Nothing but the lines below from the one that contains "4ȸ¿¡ °ÉÃÄ ÁøÇàµÈ´Ù." through the one that contains "そして、ここで一番目立つので" should be retyped, exactly and including both ends. Do not include pictures.

(Records for this task begins)

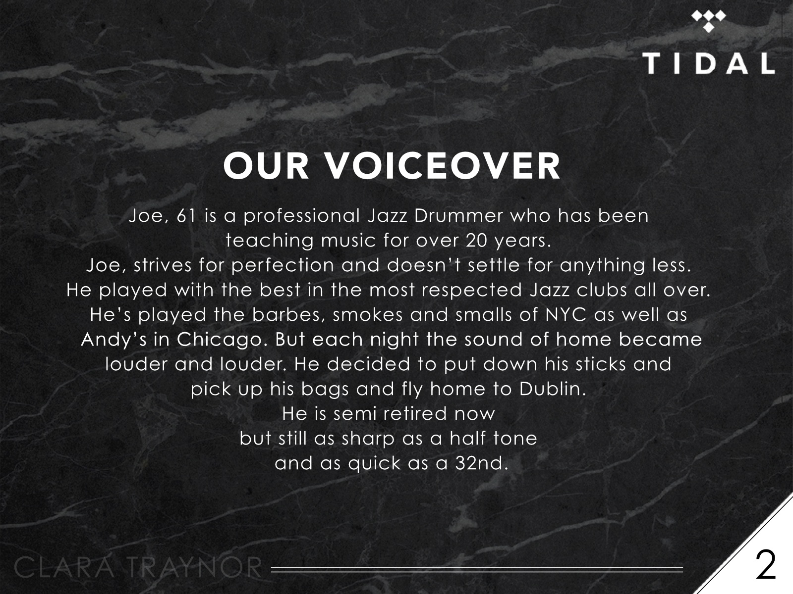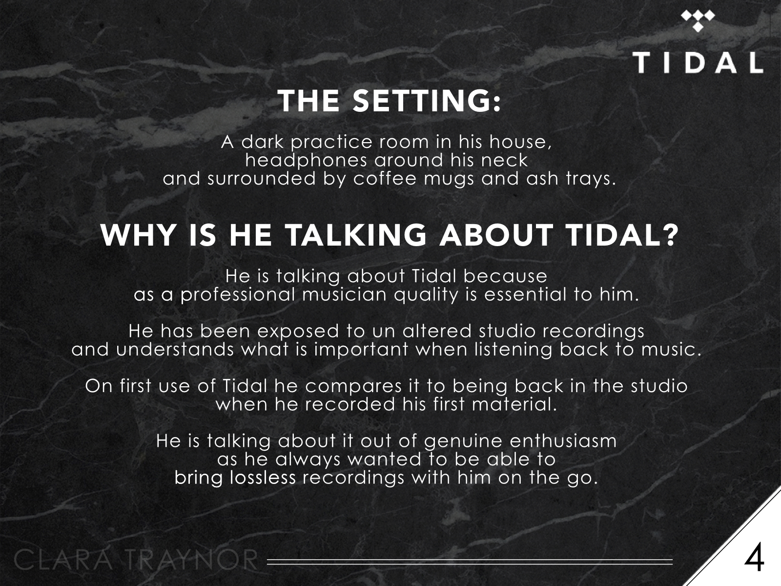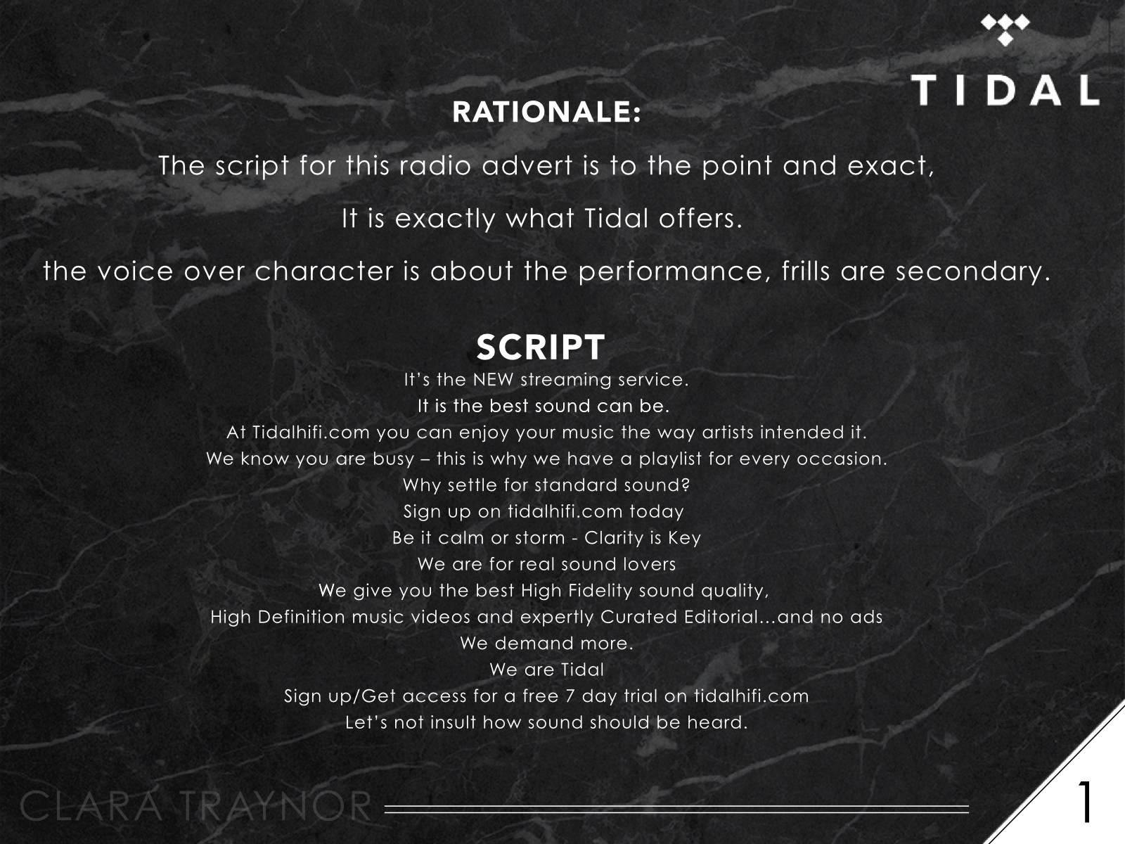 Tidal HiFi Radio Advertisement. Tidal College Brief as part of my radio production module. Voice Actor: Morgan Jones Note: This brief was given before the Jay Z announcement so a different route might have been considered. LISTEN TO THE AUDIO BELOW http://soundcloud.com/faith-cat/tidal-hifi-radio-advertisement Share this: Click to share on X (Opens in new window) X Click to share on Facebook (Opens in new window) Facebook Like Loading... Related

(Records for this task ends)
(Records for this task begins)

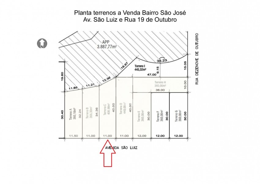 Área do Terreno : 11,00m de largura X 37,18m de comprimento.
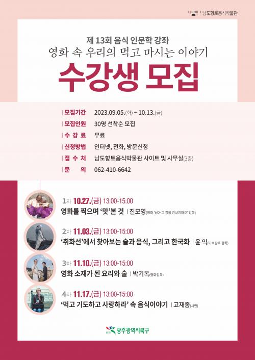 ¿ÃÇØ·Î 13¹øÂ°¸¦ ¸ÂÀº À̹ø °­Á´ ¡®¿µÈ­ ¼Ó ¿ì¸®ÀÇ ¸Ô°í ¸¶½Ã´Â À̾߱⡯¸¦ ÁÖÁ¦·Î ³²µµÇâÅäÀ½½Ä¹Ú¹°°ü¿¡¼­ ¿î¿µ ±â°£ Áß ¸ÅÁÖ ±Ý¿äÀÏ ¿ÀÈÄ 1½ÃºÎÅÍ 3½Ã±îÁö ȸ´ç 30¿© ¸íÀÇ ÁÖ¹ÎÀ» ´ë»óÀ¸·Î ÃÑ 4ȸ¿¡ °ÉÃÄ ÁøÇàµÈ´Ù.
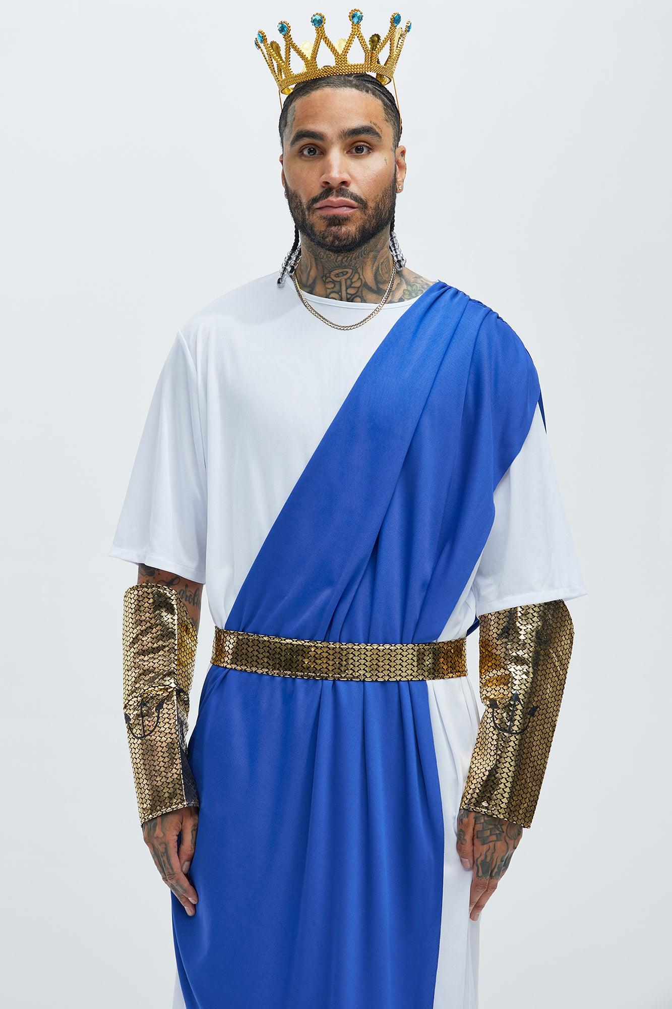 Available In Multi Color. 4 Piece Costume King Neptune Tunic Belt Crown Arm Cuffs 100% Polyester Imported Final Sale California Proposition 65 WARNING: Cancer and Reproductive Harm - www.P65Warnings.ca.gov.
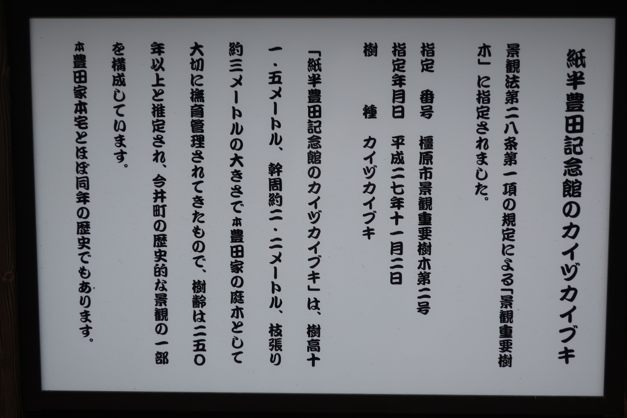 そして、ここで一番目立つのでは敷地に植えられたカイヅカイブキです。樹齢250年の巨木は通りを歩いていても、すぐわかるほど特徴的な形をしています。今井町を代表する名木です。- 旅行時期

(Records for this task ends)
(Records for this task begins)

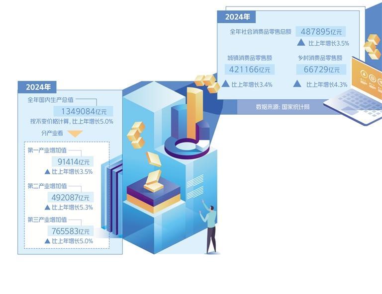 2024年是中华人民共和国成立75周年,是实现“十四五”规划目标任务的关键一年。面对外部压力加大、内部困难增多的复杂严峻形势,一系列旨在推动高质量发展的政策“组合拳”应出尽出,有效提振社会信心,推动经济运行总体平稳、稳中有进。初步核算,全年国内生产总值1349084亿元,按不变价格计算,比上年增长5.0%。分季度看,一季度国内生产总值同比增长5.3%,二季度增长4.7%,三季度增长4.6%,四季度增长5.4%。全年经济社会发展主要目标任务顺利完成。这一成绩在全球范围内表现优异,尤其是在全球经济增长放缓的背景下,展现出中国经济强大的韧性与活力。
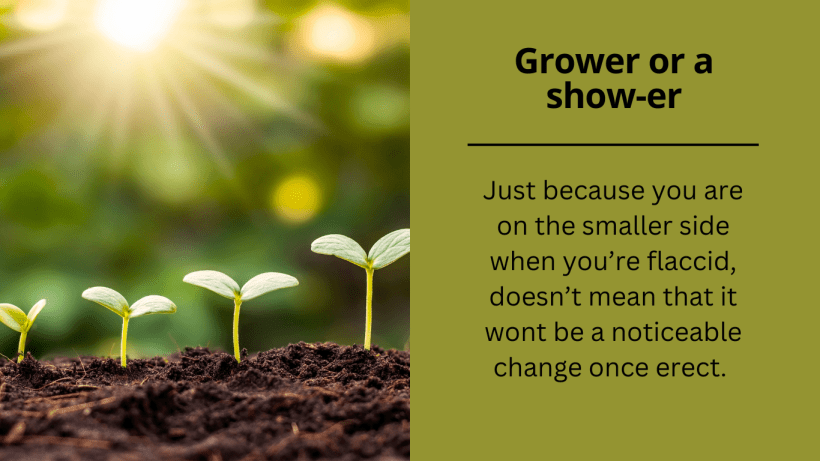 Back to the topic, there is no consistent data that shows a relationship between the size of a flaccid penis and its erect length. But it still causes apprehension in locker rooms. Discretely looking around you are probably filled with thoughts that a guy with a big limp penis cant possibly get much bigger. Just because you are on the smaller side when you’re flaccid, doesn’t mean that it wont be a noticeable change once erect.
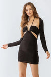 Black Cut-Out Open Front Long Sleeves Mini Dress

(Records for this task ends)

Finished exercise:
 ¿ÃÇØ·Î 13¹øÂ°¸¦ ¸ÂÀº À̹ø °­Á´ ¡®¿µÈ­ ¼Ó ¿ì¸®ÀÇ ¸Ô°í ¸¶½Ã´Â À̾߱⡯¸¦ ÁÖÁ¦·Î ³²µµÇâÅäÀ½½Ä¹Ú¹°°ü¿¡¼­ ¿î¿µ ±â°£ Áß ¸ÅÁÖ ±Ý¿äÀÏ ¿ÀÈÄ 1½ÃºÎÅÍ 3½Ã±îÁö ȸ´ç 30¿© ¸íÀÇ ÁÖ¹ÎÀ» ´ë»óÀ¸·Î ÃÑ 4ȸ¿¡ °ÉÃÄ ÁøÇàµÈ´Ù.
 Available In Multi Color. 4 Piece Costume King Neptune Tunic Belt Crown Arm Cuffs 100% Polyester Imported Final Sale California Proposition 65 WARNING: Cancer and Reproductive Harm - www.P65Warnings.ca.gov.
 そして、ここで一番目立つのでは敷地に植えられたカイヅカイブキです。樹齢250年の巨木は通りを歩いていても、すぐわかるほど特徴的な形をしています。今井町を代表する名木です。- 旅行時期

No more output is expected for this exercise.